I personally see slightly higher framerates when I have "small feature culling" disabled entirely (except for reflections), unless I set it to ridiculously high values.
Culling tiny parts of large objects is probably counterproductive. Rendering a few triangles that are already part of a mesh is cheaper than splitting the mesh up into parts and rendering them as individual objects. Of course, I have no idea what OSG does under the hood, and splitting up animated models into individual parts might be necessary. At the very least, size-testing the individual parts of a chair is probably not worth the CPU cost.
I personally see slightly higher framerates when I have "small feature culling" disabled entirely (except for reflections), unless I set it to ridiculously high values.

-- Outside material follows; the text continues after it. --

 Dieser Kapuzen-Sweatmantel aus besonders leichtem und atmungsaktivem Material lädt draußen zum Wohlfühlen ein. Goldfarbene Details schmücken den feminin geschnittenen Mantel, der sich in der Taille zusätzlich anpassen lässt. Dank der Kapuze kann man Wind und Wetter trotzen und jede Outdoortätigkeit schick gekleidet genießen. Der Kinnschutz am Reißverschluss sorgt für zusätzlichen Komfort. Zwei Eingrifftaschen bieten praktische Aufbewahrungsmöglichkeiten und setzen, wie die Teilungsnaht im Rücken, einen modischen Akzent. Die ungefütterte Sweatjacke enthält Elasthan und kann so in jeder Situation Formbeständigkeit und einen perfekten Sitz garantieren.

Re: Distant Statics Placeholder
I described several times how the "small feature culling" works - it works with individual scene graph nodes.
Most of meshes usually contain several shapes, so OSG culls them individually. It is especially noticable with NPC's, which have one or even many shapes for every bodypart.

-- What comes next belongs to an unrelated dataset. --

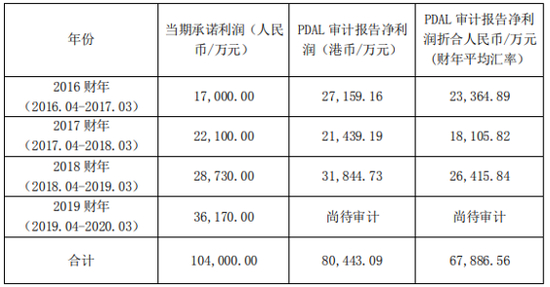 PDAL业绩承诺与实现情况:

Maybe it is possible to implement custom cull callback for objects to cull only whole object subgraphs, but I have no Idea how to do it.
- AnyOldName3
- Posts: 2686
- Joined: 26 Nov 2015, 03:25
Re: Distant Statics Placeholder
We've already got a custom cull callback on everything to do light selection, so I'm not 100% sure if that would also need tweaking to make a second cull callback work. I think the way a cull callback would achieve what you're suggesting is to disable small feature culling for the cull visitor, then traverse the children, then turn it back on.
Re: Distant Statics Placeholder
IIRC, I had issues when I tried to disable a small feature culling for subgraph. The only thing I managed to do is to change the culling pixel size via custom cull callback.AnyOldName3 wrote: ↑01 Mar 2019, 12:07 I think the way a cull callback would achieve what you're suggesting is to disable small feature culling for the cull visitor, then traverse the children, then turn it back on.
Re: Distant Statics Placeholder
The true impostors LOD technique is very interesting and seems perfect for an open world engine like OpenMW.